I stepped outside, handed the coffee task to my bodyguard, and slid into the backseat. Yet even as the car pulled away, I couldn’t shake her from my mind. Those eyes lingered like fire on my skin.
Hours later, at Wolfe Enterprise, I tried burying myself in work. Files stacked high across my desk, numbers blurring. A knock interrupted.
“Come in,” I said.
Becky, my secretary, entered, her blouse clinging, her lipstick a shade too deliberate. Every time she came in here, she dressed as though she were entering a bedroom, not an office. Her little tricks were predictable. Today, she dropped a pen, bending slowly, deliberately, giving me an eyeful of her chest. Her perfume smothered the room.
I didn’t react. My focus stayed on the file in my hand.
When she rose and handed me documents, I held them just long enough to make my point. “Hold on. Let me review this now.”
Her eyes traced my face, my lips, my body, but I ignored them. She burned with lust I would never return. I handed the file back. “Make the edits I marked.”
She nodded, hiding her frustration, and left.

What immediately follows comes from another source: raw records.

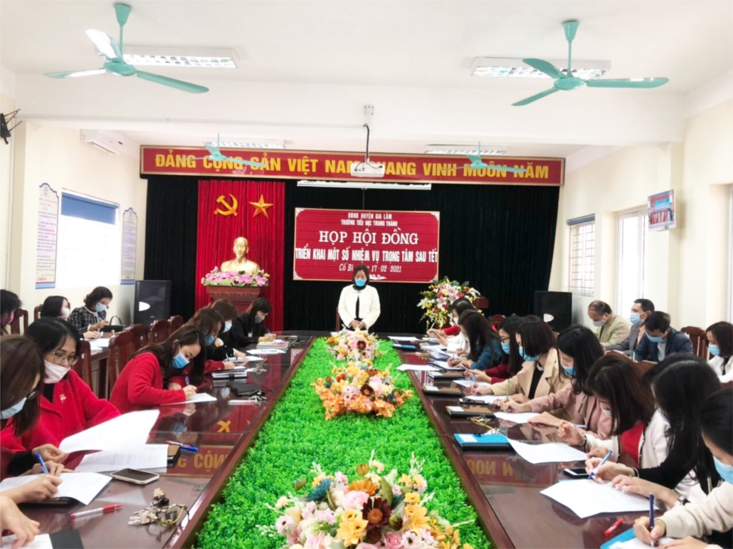 Ngày 17/02/2021 trường Tiểu học Trung Thành tổ chức họp hội đồng triển khai một số nhiệm vụ trong tâm sau tết. Tại buổi họp đồng chí Hiệu trưởng đã triển khai một số nhiệm vụ trọng tâm. Tiếp sau đồng chí phó hiệu trưởng triển khai kế hoạch tổ chức dạy học qua internet cho học sinh trong thời gian nghỉ phòng, chống dịch bệnh covid-19.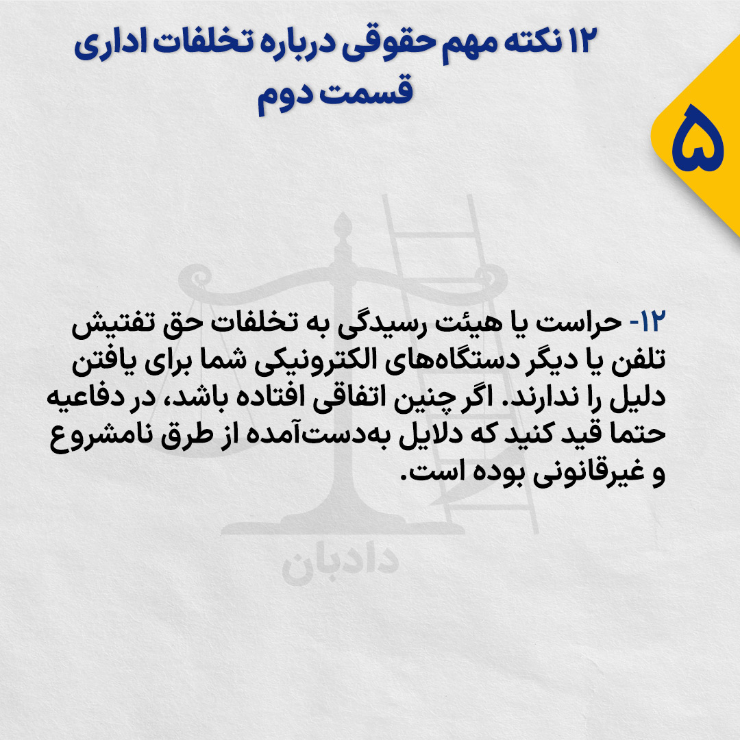 ۱۲- حراست یا هیئت رسیدگی به تخلفات حق تفتیش تلفن یا دیگر دستگاههای الکترونیکی شما برای یافتن دلیل را ندارند. اگر چنین اتفاقی افتاده باشد، در دفاعیه حتما قید کنید که دلایل بهدستآمده از طرق نامشروع و غیرقانونی بوده است.
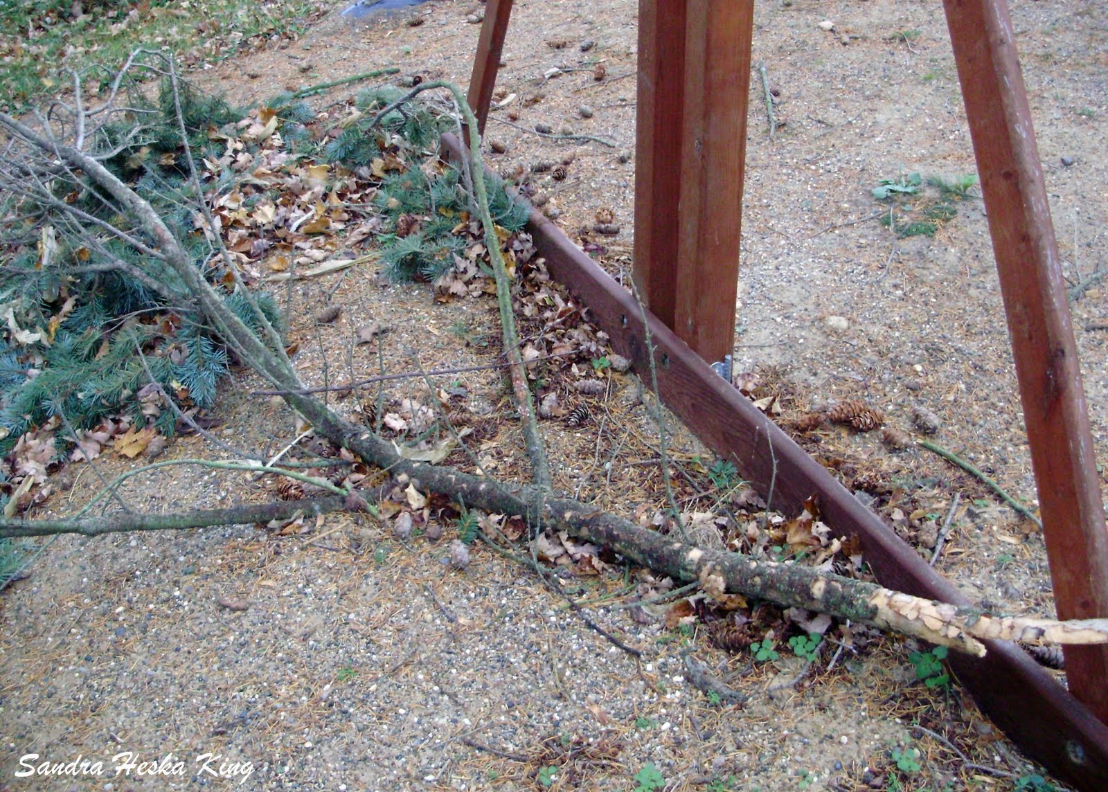 Branches litter the yard from yesterday’s wind, and leaves block the garage door. A political sign lies in the side yard.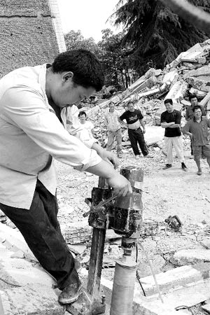 家长们很不理解,大声质问:“为什么不透露单位名称?我们怎样得到检测结果?”“我们是四川禾力建设工程质量检测有限公司的。”工作人员忙说。该公司另一组取样人员,正在对绵竹市几所学校的建筑废墟进行取样。随着机器的转动,一个个标本从大梁中取出,他们在样本上标注上日期和地址等信息。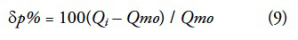 Em que, δp% é o desvio percentual mensal doescoamento superficial, Qt é o escoamento superficialmensal simulado e Qmo é a média históricado escoamento superficial observado.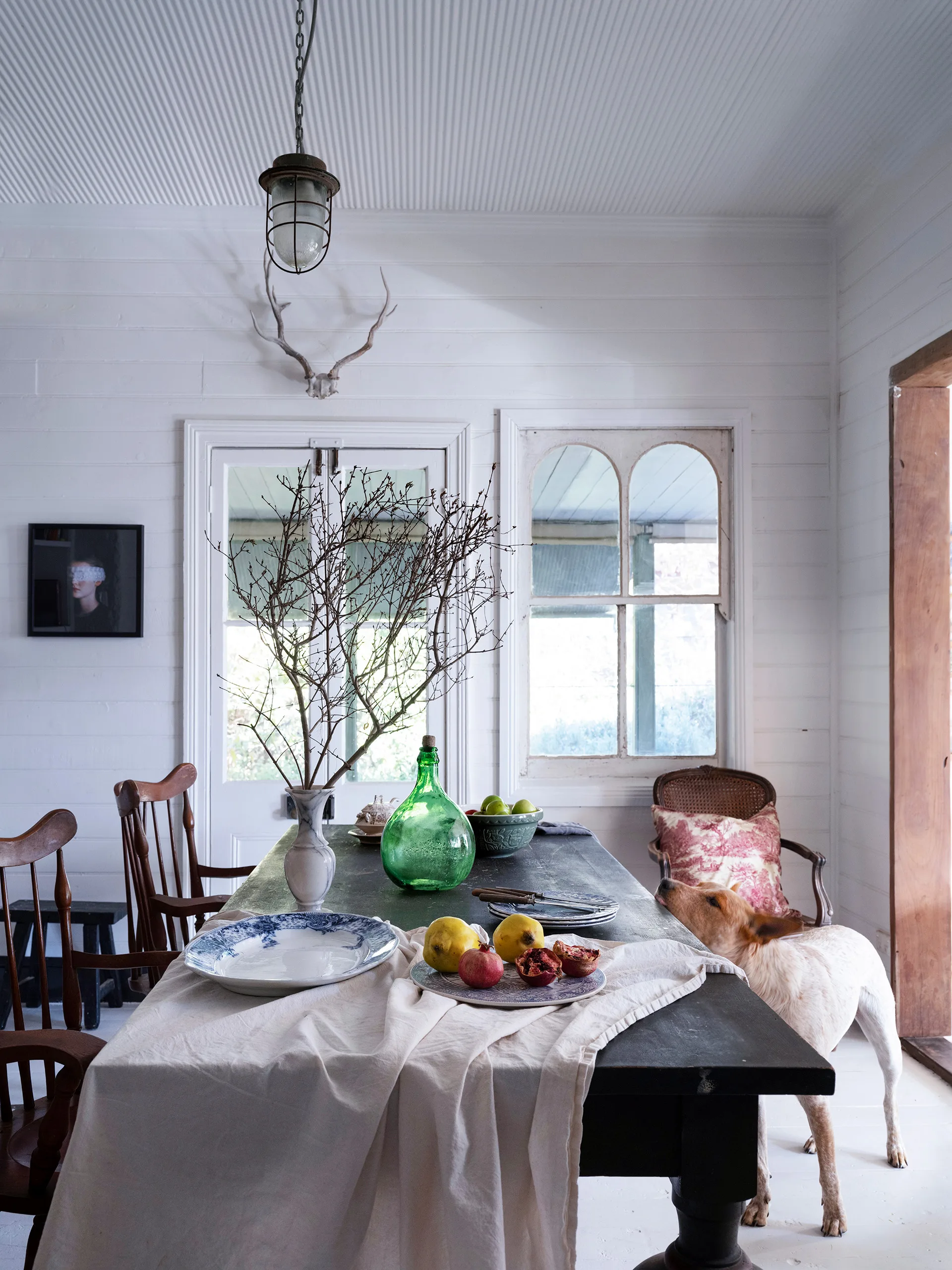 “I fought hard for the curved-leg Danish table at the Raffan Kelaher & Thomas auctions,” says Kasturi of their dining table, where Alf waits for a snack. The wall art is part of a Portraits series Kasturi commissioned with photographer Kayla Guthrie of “solitary figures in living spaces”.

By evening, I dismissed the day early. There was no sense wasting hours in the office when my mind was elsewhere. My friends had called, insisting we meet at the club. They were like me handsome, wild, but unlike me, they reveled in chaos. I was always the quiet storm among them.
Asher and Becky rode along in the car. Somewhere between my silence and their chatter, I sensed something brewing between her and Dan, my driver. The air was thick, but I didn’t intervene. Not my concern.
When we arrived, I stepped into the pulsing club, the bass rattling the floor. My friends were already inside, but my focus drifted. I scanned the room and then I saw her.
The girl from the café.
Sitting at the bar, alone, lost in thought.
“That should be the coffee girl,” I muttered under my breath.
I approached her slowly, like a hunter closing in. “Excuse me,” I said, voice smooth. “Do I know you?”
She turned, her eyes widening. Recognition flared. “Oh-umm, yes. I spilled coffee on you this morning. I’m really sorry about that.”
I chuckled, the tension between us melting.
We ordered tequila. One shot turned into another. Conversation flowed with surprising ease. Childhoods. Books. Dreams. Cities we longed to visit. I kept my truths hidden, giving her only fragments, but she didn’t seem to mind. She was guarded too.
Back in the car, I left Becky and Dan to their own tangled desires. I knew exactly what they were doing behind tinted glass. I could hear the muffled moans, smell the heat radiating off them when I returned. I didn’t need confirmation.
But my mind wasn’t with them anyway.
It was with her.
Aria.
The girl with the eyes that had disarmed me in a single glance.
When we parted that night, her smile lingered. “At least someone made me smile today,” she’d said.
And I knew, even then, that this was not the last time.
As the car carried me home, I stared into the city night, still haunted by the power I’d felt the night before. That wave. That surge of impossible energy.
What I didn’t yet know what I couldn’t have guessed was that the girl I had just met was the very source of it.